Stored items:

========

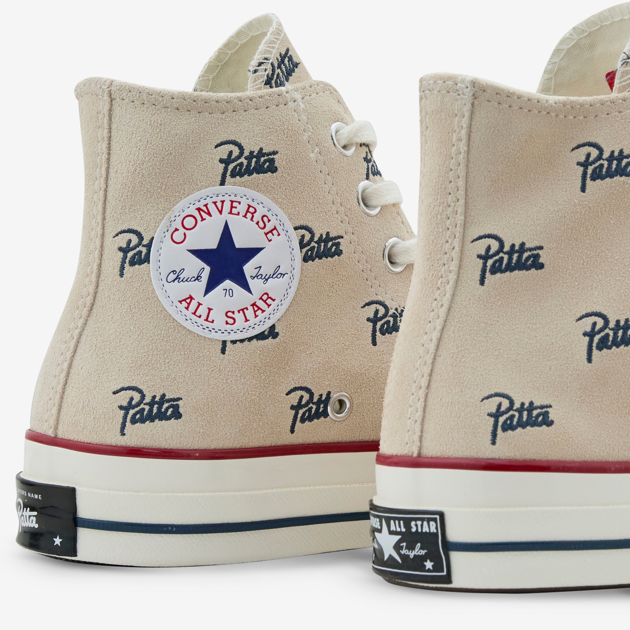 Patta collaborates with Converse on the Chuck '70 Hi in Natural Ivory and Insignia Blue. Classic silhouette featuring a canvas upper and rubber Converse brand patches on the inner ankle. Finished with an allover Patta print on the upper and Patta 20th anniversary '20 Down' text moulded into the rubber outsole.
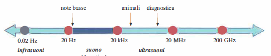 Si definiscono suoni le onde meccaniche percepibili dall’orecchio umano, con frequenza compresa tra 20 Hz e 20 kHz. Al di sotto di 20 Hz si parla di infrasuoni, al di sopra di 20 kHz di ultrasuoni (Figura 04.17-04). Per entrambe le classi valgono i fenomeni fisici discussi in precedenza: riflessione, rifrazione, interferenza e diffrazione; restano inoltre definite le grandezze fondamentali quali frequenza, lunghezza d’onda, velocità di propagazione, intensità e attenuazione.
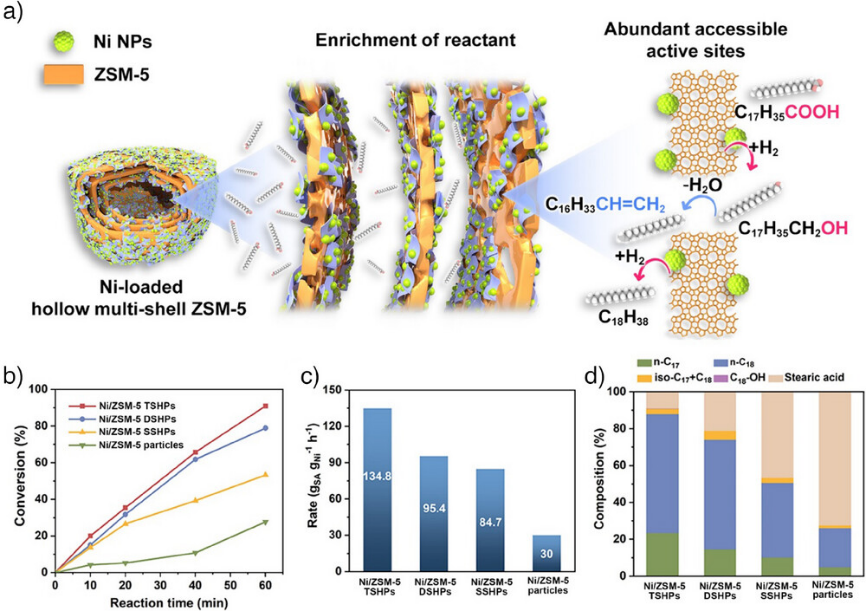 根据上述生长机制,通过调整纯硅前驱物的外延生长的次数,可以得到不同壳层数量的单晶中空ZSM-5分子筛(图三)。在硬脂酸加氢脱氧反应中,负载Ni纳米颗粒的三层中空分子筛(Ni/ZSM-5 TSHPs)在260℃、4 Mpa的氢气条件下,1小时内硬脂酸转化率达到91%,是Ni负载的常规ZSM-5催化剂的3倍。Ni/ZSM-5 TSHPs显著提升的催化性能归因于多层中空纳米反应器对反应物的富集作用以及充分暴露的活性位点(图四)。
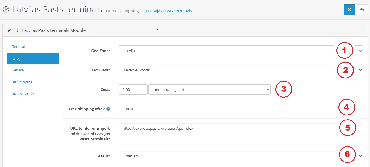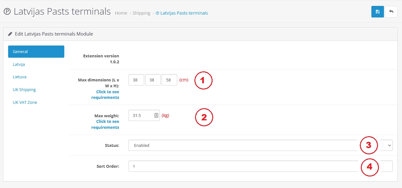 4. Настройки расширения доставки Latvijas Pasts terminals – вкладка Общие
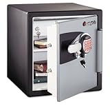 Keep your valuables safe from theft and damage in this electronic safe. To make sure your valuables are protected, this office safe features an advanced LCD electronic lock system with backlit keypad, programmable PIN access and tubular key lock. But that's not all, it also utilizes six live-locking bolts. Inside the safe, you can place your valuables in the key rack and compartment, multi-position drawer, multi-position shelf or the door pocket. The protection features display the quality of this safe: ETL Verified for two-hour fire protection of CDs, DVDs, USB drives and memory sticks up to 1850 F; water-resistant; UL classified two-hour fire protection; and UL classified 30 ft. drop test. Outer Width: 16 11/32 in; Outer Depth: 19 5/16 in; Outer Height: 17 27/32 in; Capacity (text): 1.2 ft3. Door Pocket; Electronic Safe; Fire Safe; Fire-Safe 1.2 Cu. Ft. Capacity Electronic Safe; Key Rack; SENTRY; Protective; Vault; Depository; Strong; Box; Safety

========

- **Exercise brief**: The copy you write must hold every record verbatim and none of the pictures.

- **Solution for this task**:
 Patta collaborates with Converse on the Chuck '70 Hi in Natural Ivory and Insignia Blue. Classic silhouette featuring a canvas upper and rubber Converse brand patches on the inner ankle. Finished with an allover Patta print on the upper and Patta 20th anniversary '20 Down' text moulded into the rubber outsole.
 Si definiscono suoni le onde meccaniche percepibili dall’orecchio umano, con frequenza compresa tra 20 Hz e 20 kHz. Al di sotto di 20 Hz si parla di infrasuoni, al di sopra di 20 kHz di ultrasuoni (Figura 04.17-04). Per entrambe le classi valgono i fenomeni fisici discussi in precedenza: riflessione, rifrazione, interferenza e diffrazione; restano inoltre definite le grandezze fondamentali quali frequenza, lunghezza d’onda, velocità di propagazione, intensità e attenuazione.
 根据上述生长机制,通过调整纯硅前驱物的外延生长的次数,可以得到不同壳层数量的单晶中空ZSM-5分子筛(图三)。在硬脂酸加氢脱氧反应中,负载Ni纳米颗粒的三层中空分子筛(Ni/ZSM-5 TSHPs)在260℃、4 Mpa的氢气条件下,1小时内硬脂酸转化率达到91%,是Ni负载的常规ZSM-5催化剂的3倍。Ni/ZSM-5 TSHPs显著提升的催化性能归因于多层中空纳米反应器对反应物的富集作用以及充分暴露的活性位点(图四)。
 4. Настройки расширения доставки Latvijas Pasts terminals – вкладка Общие
 Keep your valuables safe from theft and damage in this electronic safe. To make sure your valuables are protected, this office safe features an advanced LCD electronic lock system with backlit keypad, programmable PIN access and tubular key lock. But that's not all, it also utilizes six live-locking bolts. Inside the safe, you can place your valuables in the key rack and compartment, multi-position drawer, multi-position shelf or the door pocket. The protection features display the quality of this safe: ETL Verified for two-hour fire protection of CDs, DVDs, USB drives and memory sticks up to 1850 F; water-resistant; UL classified two-hour fire protection; and UL classified 30 ft. drop test. Outer Width: 16 11/32 in; Outer Depth: 19 5/16 in; Outer Height: 17 27/32 in; Capacity (text): 1.2 ft3. Door Pocket; Electronic Safe; Fire Safe; Fire-Safe 1.2 Cu. Ft. Capacity Electronic Safe; Key Rack; SENTRY; Protective; Vault; Depository; Strong; Box; Safety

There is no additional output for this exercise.